ACCIÓN DE TUTELA CONTRA PROVIDENCIA JUDICIAL / IMPROCEDENCIA POR FALTA DE LEGITIMACIÓN EN LA CAUSA POR ACTIVA - Accionante no fue parte del proceso de la acción popular que culminó con la providencia enjuiciada La Subsección estima que la petición de amparo resulta improcedente, toda vez que el accionante carece de legitimación en la causa para controvertir el auto dictado por el Tribunal Administrativo del Atlántico, dado que no es parte en el proceso de la acción popular.
(…) En el presente caso, el aquí accionante, aunque sostiene que es coadyuvante en la acción popular en la que se dictó la providencia enjuiciada, lo cierto es que no lo demostró, ni mucho menos se pudo constatar del material probatorio obrante en el proceso de la referencia que aquel haya sido vinculado a la acción popular o a la demanda de tutela que dio origen a ese asunto (…) En ese sentido, el señalamiento hecho al Tribunal, porque no tuvo el apoyo probatorio suficiente para sustentar la decisión enjuiciada, no puede ser analizado en esta providencia, dado que se trata de un típico cuestionamiento de parte, es decir, de quien ostenta la calidad de sujeto procesal en la actuación judicial en la que se dictó la decisión que se cataloga de vía de hecho, condición que no se predica respecto del señor [R].

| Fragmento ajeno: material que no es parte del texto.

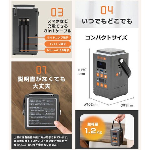 大容量バッテリー/様々な形状の電源に対応4ポート搭載/ラジオが聴ける/安心の灯り スマホなど充電できる3in1ケーブル/コンパクトサイズ/説明書がなくても大丈夫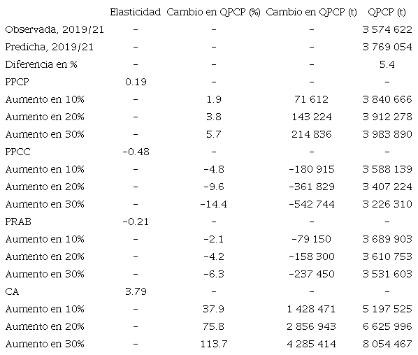 En la Tabla 2 se analizan los efectos de aumentos en 10%, 20% y 30% en el PPCC. Un incremento del 10% en el PPCC, que en 2021 se ubicó en 39 852 pesos por tonelada, disminuiría la QPCP en 180.9 miles de toneladas, lo que representa una disminución del 4.8%.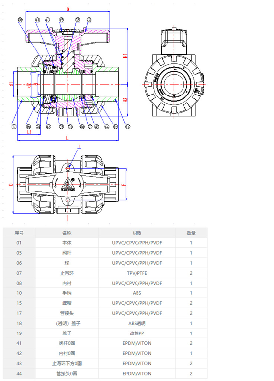 1) 材質(zhì):UPVC,CPVC,PPH,PVDF,HT-CPVC

CONSEJO DE ESTADO SALA DE LO CONTENCIOSO ADMINISTRATIVO SECCIÓN TERCERA - SUBSECCIÓN A Consejero ponente: MARTA NUBIA VELASQUEZ RICO (E) Bogotá D.C., doce (12) de diciembre de dos mil diecinueve (2019) Radicación número: 11001-03-15-000-2019-02809-00(AC) Actor: RAFAEL ANGEL FONTALVO FONTALVO Demandado: TRIBUNAL ADMINISTRATIVO DEL ATLANTICO Corresponde a la Sala pronunciarse en relación con la demanda de tutela instaurada por el señor Rafael Ángel Fontalvo Fontalvo, de acuerdo con lo dispuesto en el Decreto 1983 de 2017.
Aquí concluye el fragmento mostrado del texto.